Кухня, здание для медперсонала, помещение для охраны, пять зданий высотой в несколько этажей, часовня, спортзал, гаражи, столб, возле которого устраивали казни.
Все это полностью сровняли с землей.
На обратном пути Брайану попадались деревушки, сообщавшие свои названия. Он медленно ехал последние километры до болота. Порой чувствовал, как мерзнут босые ноги и накатывает страх, слышал грохот орудий. И вот все это перед ним. Последний девственный лес Европы, Таубергиссен. Дикая местность, где он чуть не погиб. Склоны, насыпь, речная отмель, заросли на противоположном берегу. Всё вместе. Нет только грохота орудий, покойников да широколицего с тощим.
Все это давным-давно в прошлом.
Даже расстояния сжались, сократились. Но атмосфера не изменилась, несмотря на спелый виноград и птиц, оставшихся здесь мягкой осенью.
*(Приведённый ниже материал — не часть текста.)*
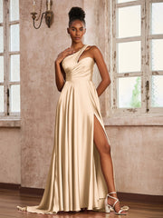 One Shoulder Acetate Satin Dress Champagne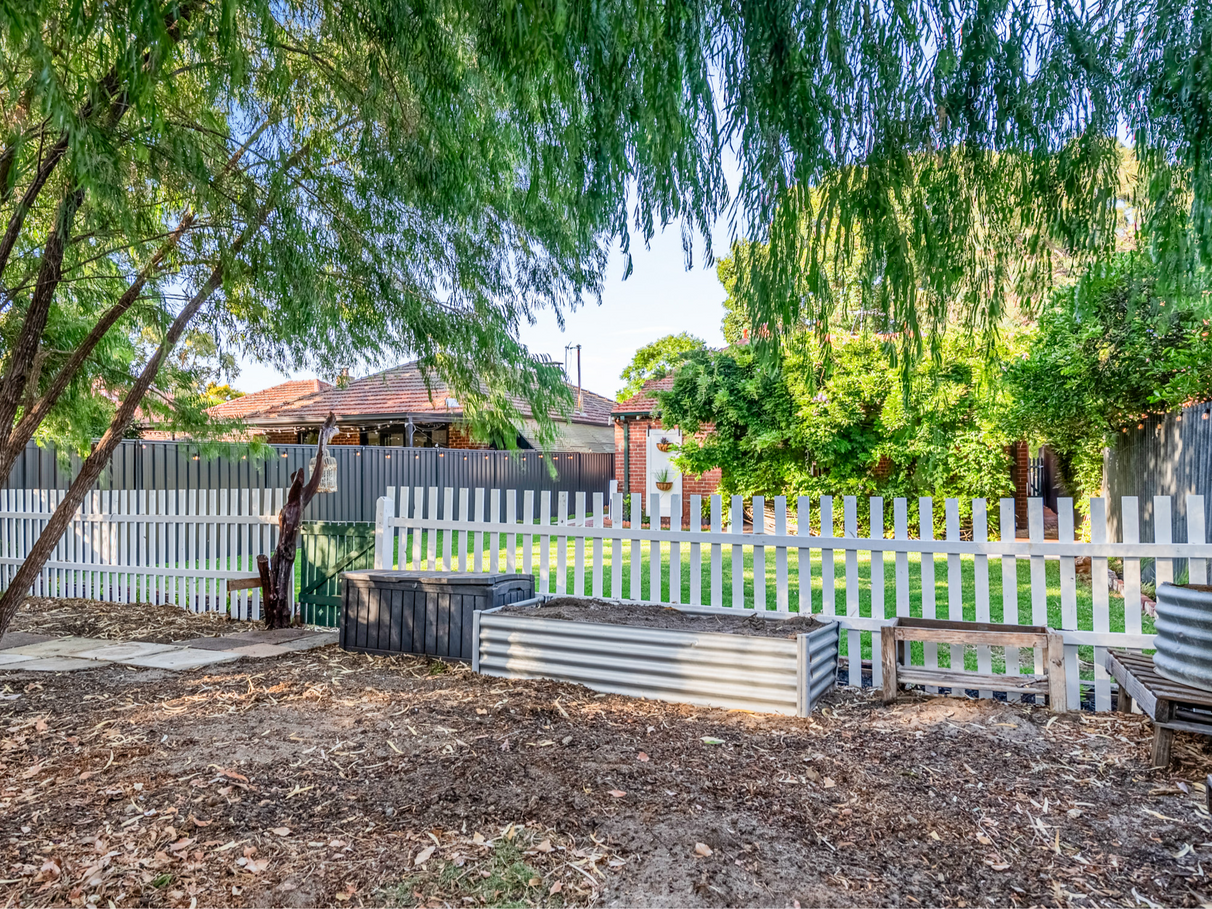 Set on a generous 544sqm block in one of Kensington’s most tightly held pockets, this beautifully presented 3 bedroom, 2 bathroom heritage home blends original character with thoughtful modern updates. High ceilings, ornate detailing and polished floorboards bring warmth and authenticity, while the established trees and expansive lawns create a level of privacy and calm that is genuinely rare this close to the CBD. With mature greenery throughout the property and streetscape, including one of Perth’s coveted jacaranda-lined streets, this is a true inner-city retreat.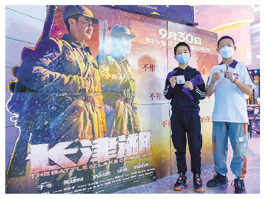 10月1日,在昆明一家电影院,观众在电影《长津湖》展板前合影。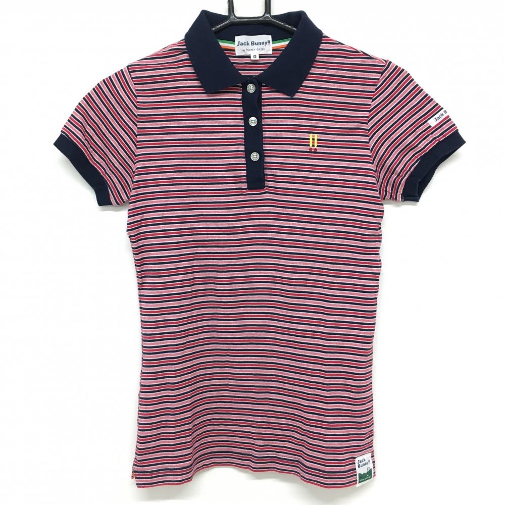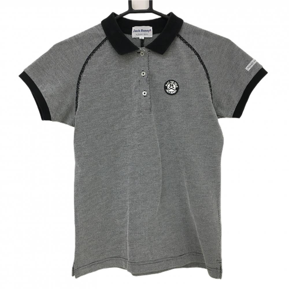 ジャックバニー 長袖ポロシャツ グレー×白 ボーダー 凹凸生地 レディース 0(S) ゴルフウェア Jack Bunny
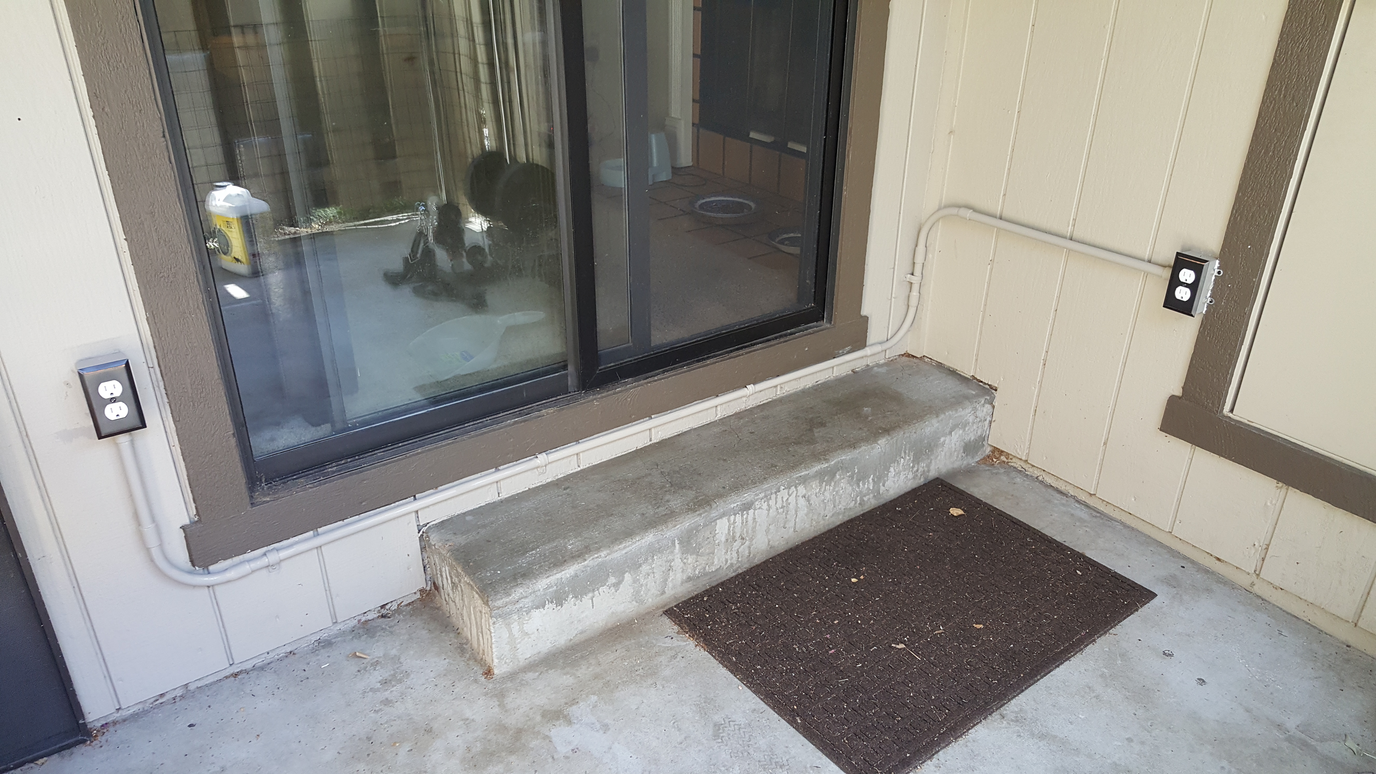 Always disengage electrical power from the circuit – confirm with multimeter! Then remove old hardware and install the first new device box and outlet. Feed the wire into the PVC and start cutting and cementing each piece into place. Then install the remote device box and outlet. For a great look, bring in a color sample from your wall and Home Depot can mix up a custom match! Use the color-matched exterior paint to make the conduits invisible.

Здесь он точно убил человека.
Город проносился мимо Брайана как в тумане. Должны быть, утренние события удовлетворили потребность, сдерживаемую долгие годы. В свете внезапного решения поехать во Фрайбург вдруг возникло море ожиданий и надежда обрести покой. Брайан посмотрел фактам в лицо. Это оказалось не так уж просто. Прошлое существует само по себе, а возникающие в голове картины никогда не потускнеют, хоть их коробит и искажает течение времени. Отсюда сложно двигаться дальше.
Людей на улицах Фрайбурга почти не было. На почте все вели себя странно. Женщина, проводившая его к кабинке с телефоном, казалась измученной. У многих из тех, кто ждал у стойки, глаза были пустые. Брайан долго не клал трубку. Иногда Лорин очень медленно откладывала в сторону кроссворд.
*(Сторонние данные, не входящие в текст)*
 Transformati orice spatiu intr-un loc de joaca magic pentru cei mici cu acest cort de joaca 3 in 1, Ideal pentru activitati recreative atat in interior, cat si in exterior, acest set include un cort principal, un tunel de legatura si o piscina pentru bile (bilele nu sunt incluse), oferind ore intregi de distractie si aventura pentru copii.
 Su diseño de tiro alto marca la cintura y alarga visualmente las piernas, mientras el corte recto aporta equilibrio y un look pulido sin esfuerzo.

— Да? — только и произнесла она, когда наконец подошла к телефону.
— Лорин? Ты?
— Брайан! — (Уже в этом восклицании Брайан услышал ярость.) — Какого черта ты не звонил? Разве ты, мать твою, не понимаешь, что я волновалась!
Она годами не ругалась.
— Лорин, я не мог позвонить.
— С тобой что-то случилось? Ты во что-то впутался?
— Ты о чем? Да во что я могу впутаться? Просто я был занят.
— Где ты? — Конкретный и деловой вопрос. — Ты же не в Мюнхене?
— Конкретно сейчас — нет. Я вчера во Фрайбург уехал.
— По делам?
— Наверное, да.
Секунду на другом конце было тихо. Брайан не успел осознать последствия своей лжи.
— Как такое может быть, что ты не знаешь, почему я волновалась? — Голос смягчился, она пыталась взять себя в руки. — Это все знают! Брайан, газеты даже разворачивать не надо. Это же во всем мире на первых полосах!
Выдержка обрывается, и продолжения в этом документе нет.